Copy nothing but the lines from the one containing "3年生は、自分の歯並びや特徴" through the last line of the entries below, exactly as written and without pictures.

+---+

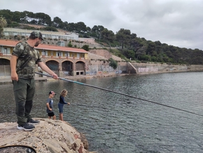 Laurent, natif d’ici, est passionné de pêche depuis l’enfance et la pratique sous de nombreuses formes. Il a bossé dans le domaine pendant plusieurs années et est un peu mieux équipé que nous. Il répond volontiers à nos questions et nous passons un bon moment autour de ses cannes. Il a posé des cannes de fond pour des poissons sérieux et en attendant que ça morde (ou pas), lui et son fils pêchent des poissons de bordure qui sont relâchés. C’est la période de reproduction et il est très sensible à la préservation des espèces.
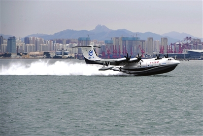 10时14分许,青岛团岛附近海域,AG600飞机逐渐降低高度。一瞬间,飞机的机腹已平稳贴着海面滑行,激起阵阵白色浪花。10时18分许,降落在海面上的AG600,完成机身回转、调整方向,旋即重新加速、机头上昂、腾空而起,在身后留下一道白色的航迹。
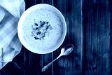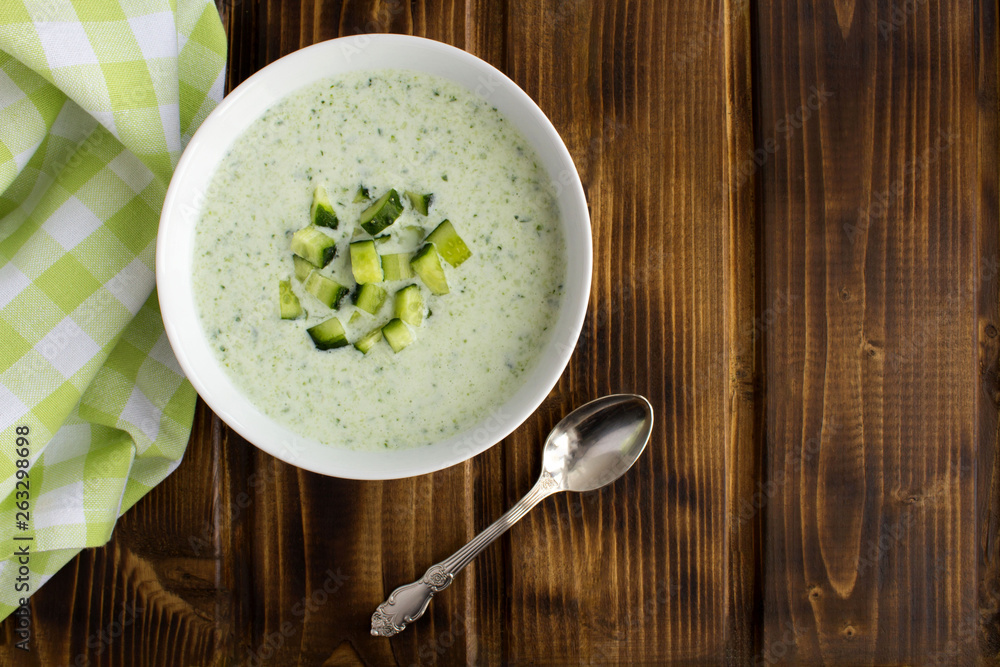 Yogurt smoothies with cucumber in the white bowl on the brown wooden background.Top view.Copy space.
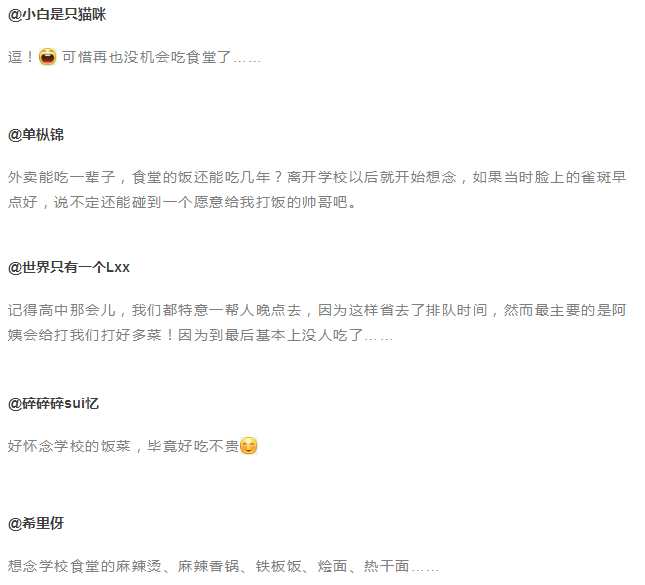 同时,也引起了一众网友的回忆杀,不管食堂饭菜如何,里面也满载着青春时期的酸甜苦辣……
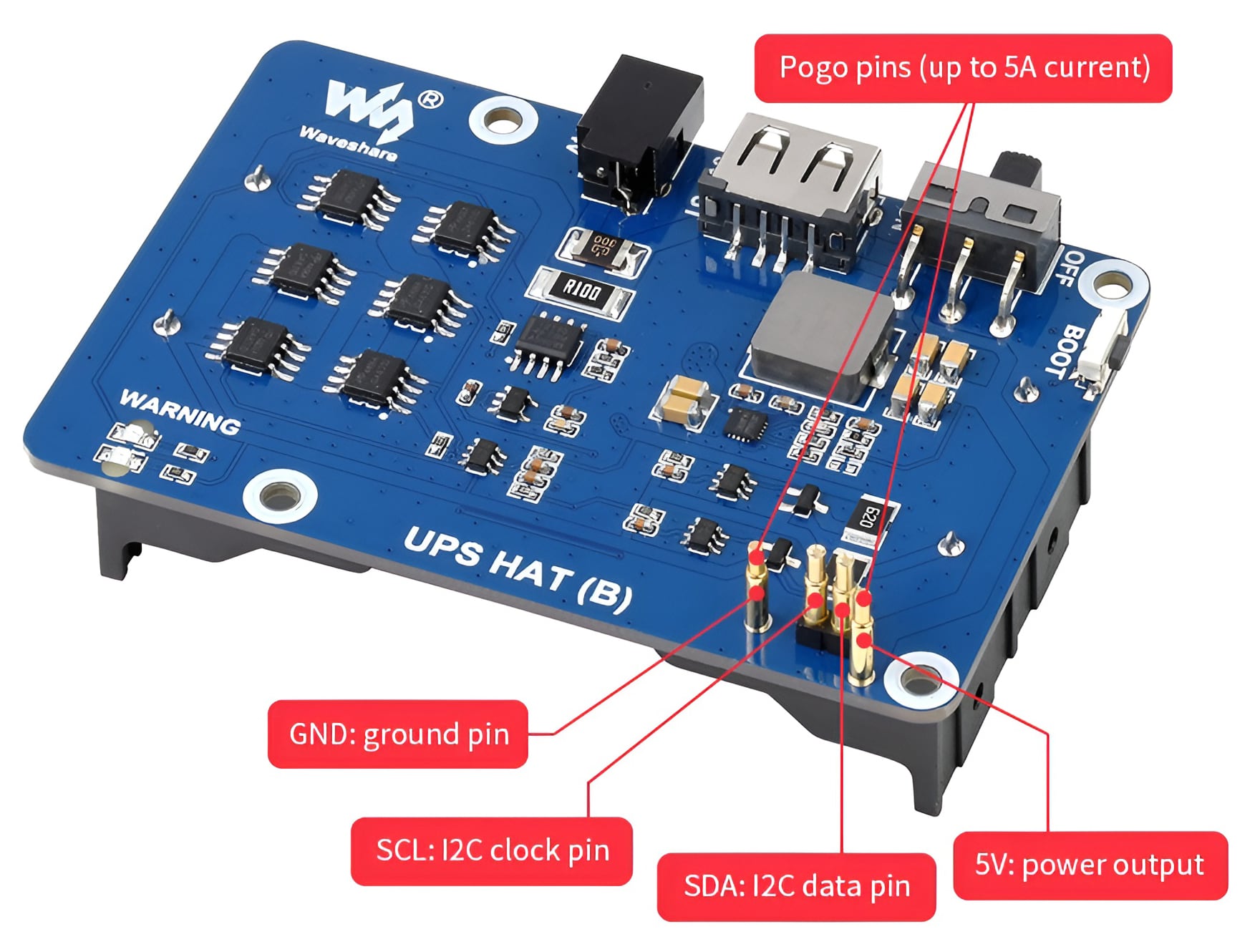 The UPS HAT compact form factor fits and connects seamlessly from the bottom base of the Raspberry Pi using the pogo pins. If your ever need a reliable power backup solution, the UPS Base HAT (B) is a robust accessory that safeguards your Raspberry Pi while extending its uptime.
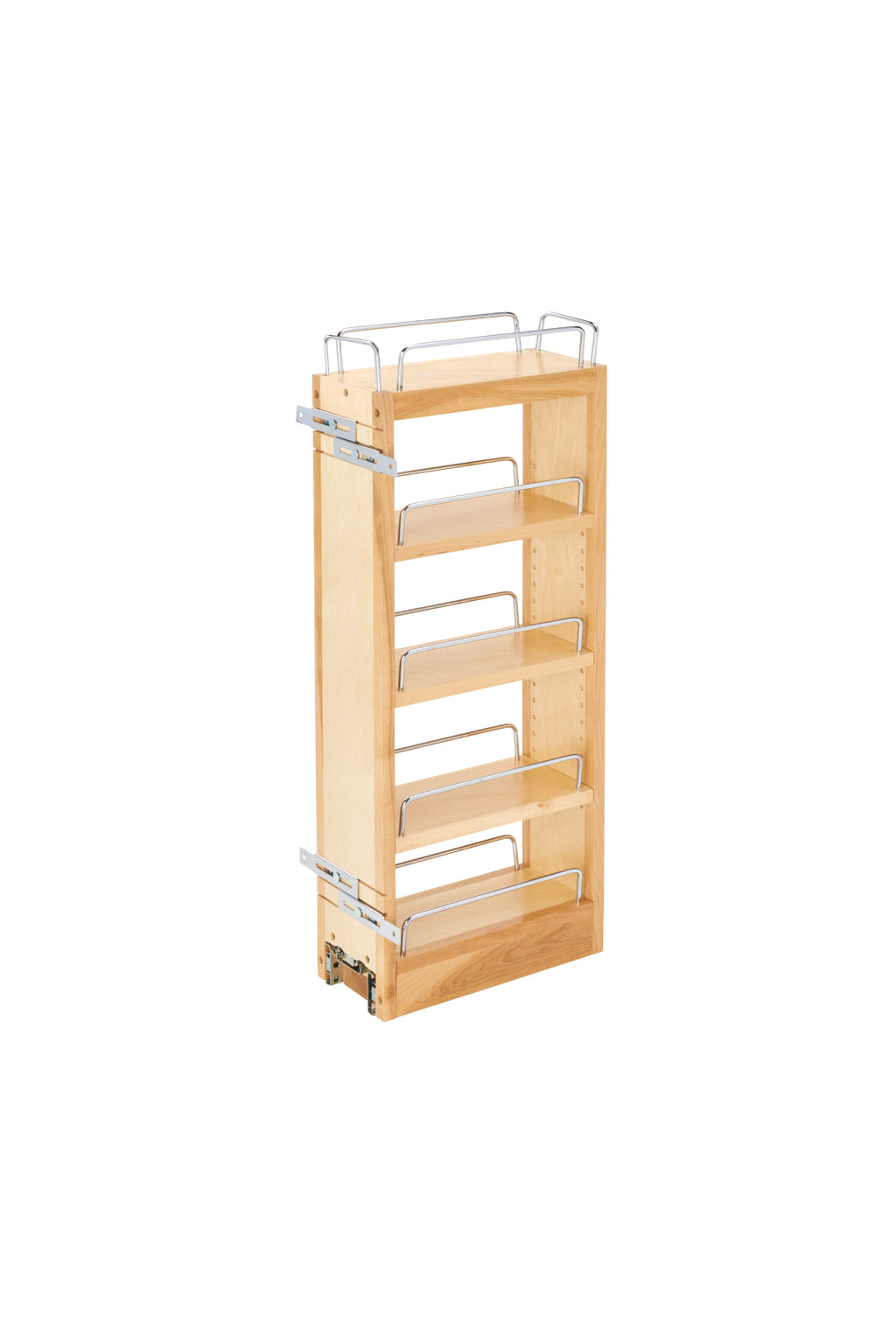 Do you need that one item in the back of your wall cabinet, and the only way to access it is to pull everything out? Stop the madness with the Rev-A-Shelf® pullout shelving system, whose open design ensures you can effortlessly find everything. Available in varying heights and sizes, they door-mount giving you a uniquely customized look and easy operation.. Included: (1) Wood organizer, (3) adjustable shelves with Chrome rails and mounting hardware
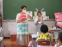 3年生は、自分の歯並びや特徴を、鏡を使って確認しました。また、実際にお菓子を食べて、おやつとむし歯の関係も学習しました。ブクブクうがいは、口の中の食べかすは取れるけれど、歯についたバイキンは、歯ブラシを使ってみがかないと取れないことを教えてもらいました。そして歯の染め出しを行い、みがけていないところを確認し、正しいブラッシングの仕方を学習しました。おやつを食べた後の口の中には、食べかすがいっぱいあって、それが口の中のバイキンの栄養になると聞いて、今まで以上にしっかりと歯みがきをする3年生でした。
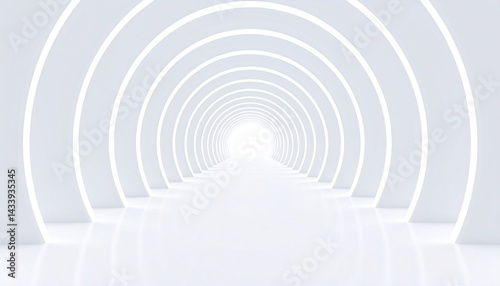 Naklejka premium Illuminated tunnel of white light modern interior design digital artwork minimalist style straight-on perspective creative concept for visual impact
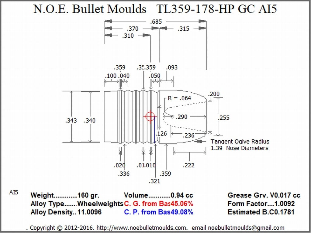 The TL359-178-RF-AI5-118 is a 4 Cavity Brass mould. This mould drops a .359 caliber Gas Check 178 grain bullet with a Round/Flat nose profile type. Tumble lube style bullet. NOE Recommends Xlox from White Label Lube for a no sizer needed lube. This is an RG4 Removable Guide Style Hollowpoint mould. This mould can be converted to flat point cup point or hollowpoint by changing pins.

+---+

§ **Expected output**:
 3年生は、自分の歯並びや特徴を、鏡を使って確認しました。また、実際にお菓子を食べて、おやつとむし歯の関係も学習しました。ブクブクうがいは、口の中の食べかすは取れるけれど、歯についたバイキンは、歯ブラシを使ってみがかないと取れないことを教えてもらいました。そして歯の染め出しを行い、みがけていないところを確認し、正しいブラッシングの仕方を学習しました。おやつを食べた後の口の中には、食べかすがいっぱいあって、それが口の中のバイキンの栄養になると聞いて、今まで以上にしっかりと歯みがきをする3年生でした。
 Naklejka premium Illuminated tunnel of white light modern interior design digital artwork minimalist style straight-on perspective creative concept for visual impact
 The TL359-178-RF-AI5-118 is a 4 Cavity Brass mould. This mould drops a .359 caliber Gas Check 178 grain bullet with a Round/Flat nose profile type. Tumble lube style bullet. NOE Recommends Xlox from White Label Lube for a no sizer needed lube. This is an RG4 Removable Guide Style Hollowpoint mould. This mould can be converted to flat point cup point or hollowpoint by changing pins.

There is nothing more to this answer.